4. A random sample of 60 children and a random sample of 50 adults were taken and each person was given the same task to complete. The table below summarises the times taken, $t$ seconds, to complete the task.

	Mean, $\overline { \boldsymbol { t } }$	Standard deviation, $\boldsymbol { s }$	$\boldsymbol { n }$
Children	61.2	5.9	60
Adults	59.1	5.2	50

Stating your hypotheses clearly, test, at the $5 \%$ level of significance, whether or not there is evidence that the mean time taken to complete the task by children is greater than the mean time taken by adults.
(6)
Explain the relevance of the Central Limit Theorem to your calculation in part (a).
State an assumption you have made to carry out the test in part (a).

Edexcel S3 2021 June Q4

A college runs academic and vocational courses. The college has 1680 academic students and 2520 vocational students.
1. Describe how a stratified sample of 70 students at the college could be taken.
All students at the college take a basic skills test. A random sample of 50 academic students has a mean score of 57 and a variance of 60. An independent random sample of 80 vocational students has a mean score of 62 with a variance of 70
Stating your hypotheses clearly, test at the $5 \%$ level of significance, whether or not the mean basic skills score for vocational students is greater than the mean basic skills score for academic students.
Explain the importance of the Central Limit Theorem to the test in part (b).
State an assumption that is required to carry out the test in part (b). All the academic students at the college take a basic skills course. Another random sample of 50 academic students and another independent random sample of 80 vocational students retake the basic skills test. The hypotheses used in part (b) are then tested again at the same level of significance. The value of the test statistic $z$ is now 1.54
Comment on the mean basic skills scores of academic and vocational students after taking this course.
Considering the outcomes of the tests in part (b) and part (e), comment on the effectiveness of the basic skills course.

AQA S3 2008 June Q3

3 Pitted black olives in brine are sold in jars labelled " 340 grams net weight". Two machines, A and B, independently fill these jars with olives before the brine is added.
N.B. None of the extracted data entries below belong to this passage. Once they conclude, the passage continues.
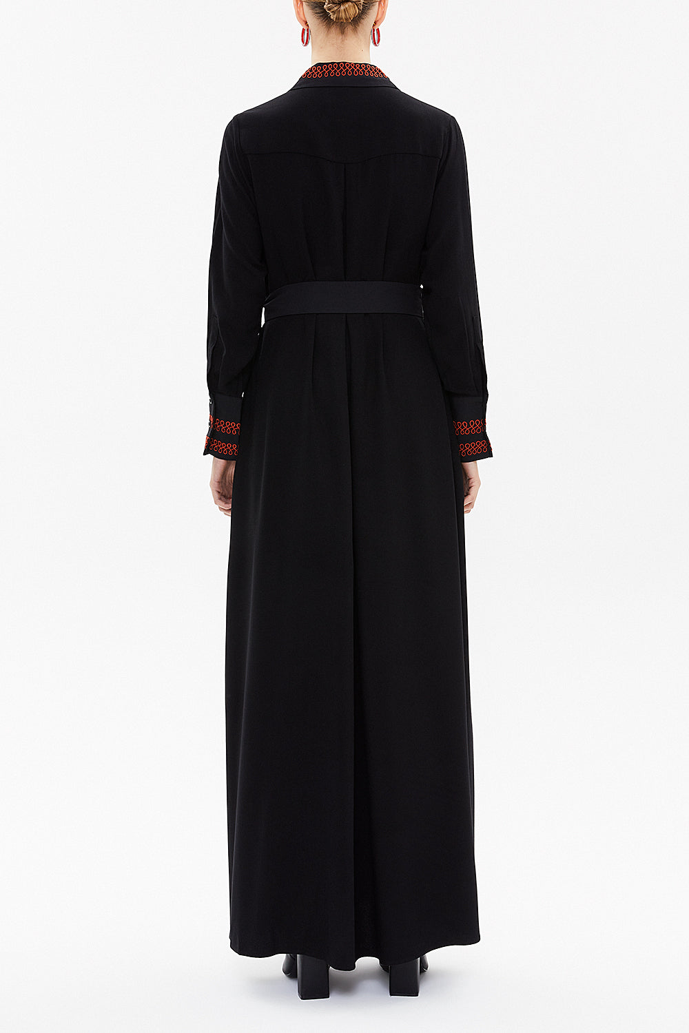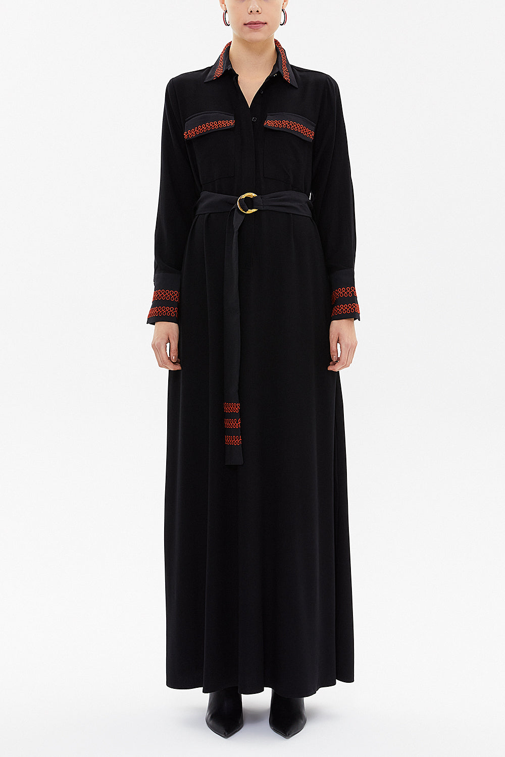 Siyah Kırmızı Kuşaklı cepli uzun elbise 92588
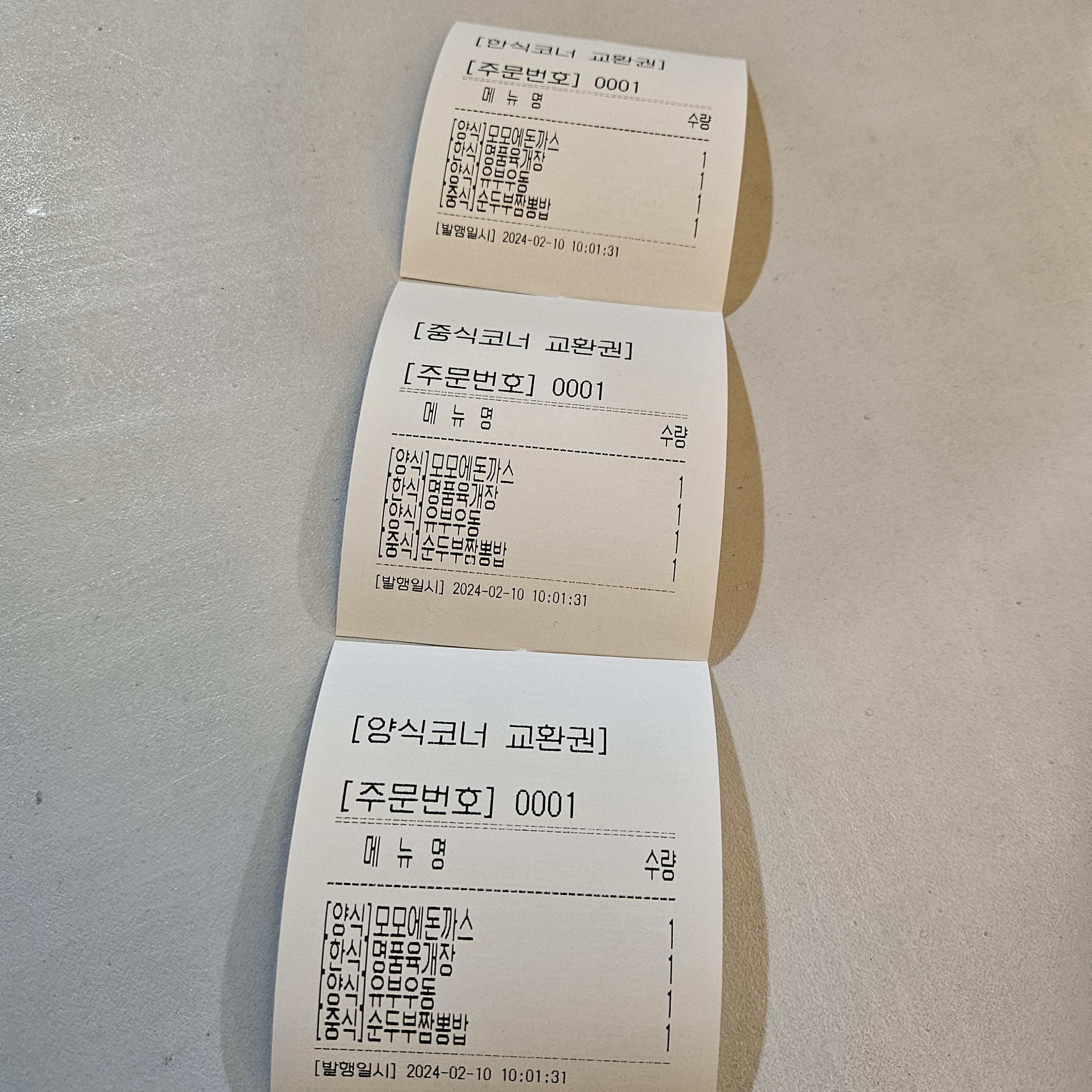 돈가스와 육개장, 우동, 짬뽕밥을 주문해서 총금액은 40,800원이 나왔어요.
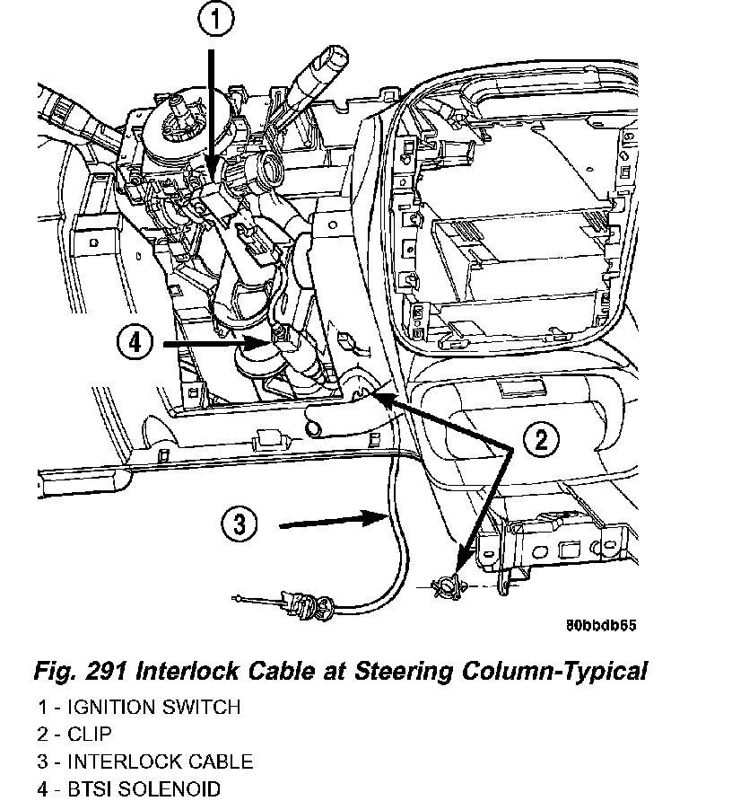 8. Disconnect the Brake/Transmission Shift Interlock (BTSI) solenoid connector from the interlock cable (Fig. 291).
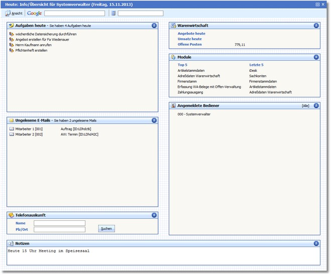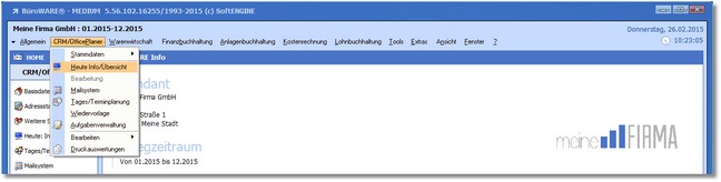 1. Klicken Sie mit der Maus im Hauptmenü auf "CRM/OfficePlaner > Heute Info/Übersicht".
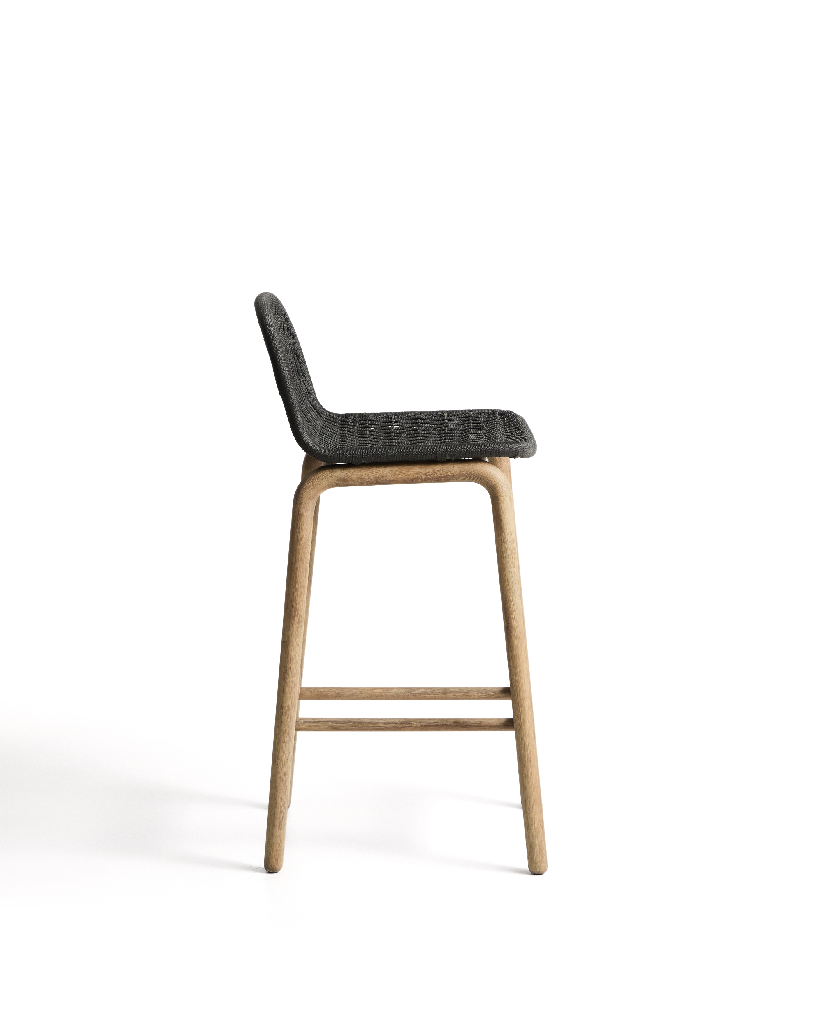 Уличный барный стул Alipa из акации и веревки темно-серого цвета, 75 см

The weight, $X$ grams, of olives delivered by machine A may be modelled by a normal distribution with mean $\mu _ { X }$ and standard deviation 4.5. The weight, $Y$ grams, of olives delivered by machine B may be modelled by a normal distribution with mean $\mu _ { Y }$ and standard deviation 5.7. The mean weight of olives from a random sample of 10 jars filled by machine A is found to be 157 grams, whereas that from a random sample of 15 jars filled by machine $B$ is found to be 162 grams. Test, at the $1 \%$ level of significance, the hypothesis that $\mu _ { X } = \mu _ { Y }$.
(6 marks)

AQA S3 2013 June Q3

3 A builders' merchant's depot has two machines, X and Y , each of which can be used for filling bags with sand or gravel. The weight, in kilograms, delivered by machine X may be modelled by a normal distribution with mean $\mu _ { \mathrm { X } }$ and standard deviation 25 . The weight, in kilograms, delivered by machine Y may be modelled by a normal distribution with mean $\mu _ { \mathrm { Y } }$ and standard deviation 30 . Fred, the depot's yardman, records the weights, in kilograms, of a random sample of 10 bags of sand delivered by machine X as
$\begin{array} { l l l l l l l l l l } 1055 & 1045 & 1000 & 985 & 1040 & 1025 & 1005 & 1030 & 1015 & 1060 \end{array}$
He also records the weights, in kilograms, of a random sample of 8 bags of gravel delivered by machine Y as $$\begin{array} { l l l l l l l l } 1085 & 1055 & 1055 & 1000 & 1035 & 1050 & 1005 & 1075 \end{array}$$

Construct a $95 \%$ confidence interval for $\mu _ { \mathrm { Y } } - \mu _ { \mathrm { X } }$, giving the limits to the nearest 5 kg .
Dot, the depot's manager, commented that Fred's data collection may have been biased. Justify her comment and explain how the possible bias could have been eliminated.
(2 marks)

AQA S3 2014 June Q2

6 marks

2 Each household within a district council's area has two types of wheelie-bin: a black one for general refuse and a green one for garden refuse. Each type of bin is emptied by the council fortnightly. The weight, in kilograms, of refuse emptied from a black bin can be modelled by the random variable $B \sim \mathrm {~N} \left( \mu _ { B } , 0.5625 \right)$. The weight, in kilograms, of refuse emptied from a green bin can be modelled by the random variable $G \sim \mathrm {~N} \left( \mu _ { G } , 0.9025 \right)$. The mean weight of refuse emptied from a random sample of 20 black bins was 21.35 kg . The mean weight of refuse emptied from an independent random sample of 15 green bins was 21.90 kg . Test, at the $5 \%$ level of significance, the hypothesis that $\mu _ { B } = \mu _ { G }$.
[0pt] [6 marks]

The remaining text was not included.